TASK DESCRIPTION
A word-for-word copy of the data is what's wanted; pictures stay out of it.

AVAILABLE DATA
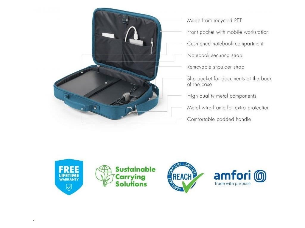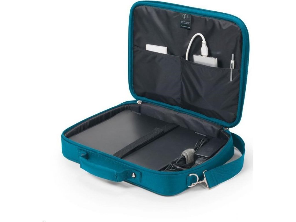 Kompaktné puzdro Eco Multi BASE ponúka ideálnu ochranu pre váš notebook vďaka polstrovanej priehradke na notebook. Puzdro plne chráni zariadenia od 14 do 15 rokov.6" a elastický popruh ich tiež upevňuje v priehradke. Základňa Eco Multi BASE zaručuje extra stabilitu a ochranu vďaka kovovému rámu, ako aj flexibilnú mobilitu vďaka ľahkej konštrukcii. Smartfón alebo iné menšie predmety, ako sú káble, perá alebo nabíjačky, si môžete uložiť do praktického predného vrecka, aby ste ich mali vždy po ruke. Vďaka rukovätiam sa kufor pohodlne prenáša a pomocou zabudovaného popruhu ho možno v priebehu niekoľkých sekúnd pripevniť ku kufru. Dá sa prenášať aj pomocou nastaviteľného ramenného popruhu. Eco Multi BASE je preto ideálny pre vás, ak ste vždy na cestách a chcete podporiť recykláciu PET fliaš ekologickým puzdrom.
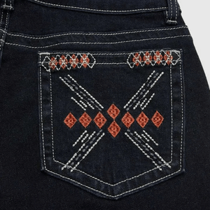 Detaljerade mönster vid fickor och längs benet som andas personlig stil och tradition. -
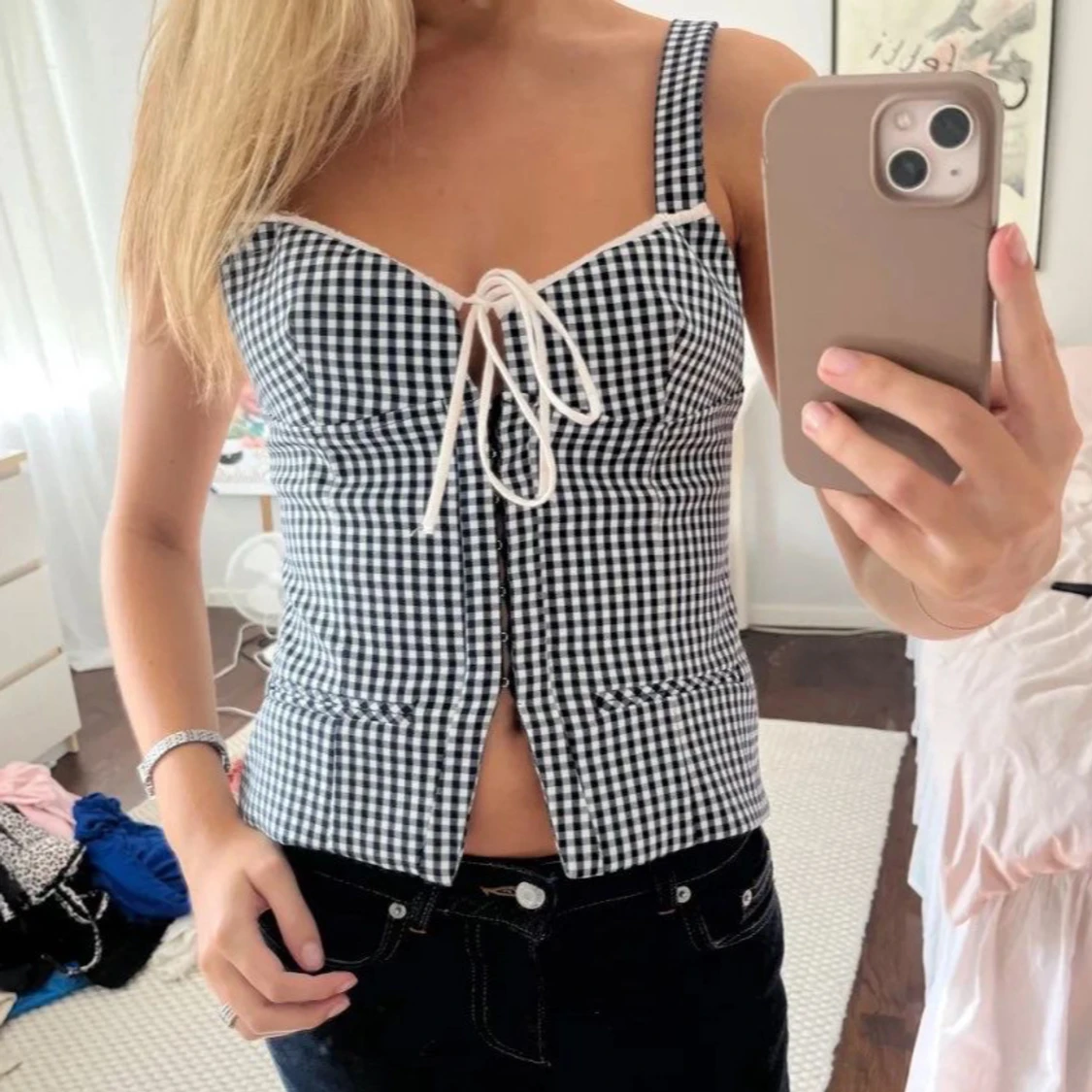 Rutig korsett topp ifrån Zara i storlek xs, helt ny med lappar kvar

OUTPUT FOR THIS TASK
 Kompaktné puzdro Eco Multi BASE ponúka ideálnu ochranu pre váš notebook vďaka polstrovanej priehradke na notebook. Puzdro plne chráni zariadenia od 14 do 15 rokov.6" a elastický popruh ich tiež upevňuje v priehradke. Základňa Eco Multi BASE zaručuje extra stabilitu a ochranu vďaka kovovému rámu, ako aj flexibilnú mobilitu vďaka ľahkej konštrukcii. Smartfón alebo iné menšie predmety, ako sú káble, perá alebo nabíjačky, si môžete uložiť do praktického predného vrecka, aby ste ich mali vždy po ruke. Vďaka rukovätiam sa kufor pohodlne prenáša a pomocou zabudovaného popruhu ho možno v priebehu niekoľkých sekúnd pripevniť ku kufru. Dá sa prenášať aj pomocou nastaviteľného ramenného popruhu. Eco Multi BASE je preto ideálny pre vás, ak ste vždy na cestách a chcete podporiť recykláciu PET fliaš ekologickým puzdrom.
 Detaljerade mönster vid fickor och längs benet som andas personlig stil och tradition. -
 Rutig korsett topp ifrån Zara i storlek xs, helt ny med lappar kvar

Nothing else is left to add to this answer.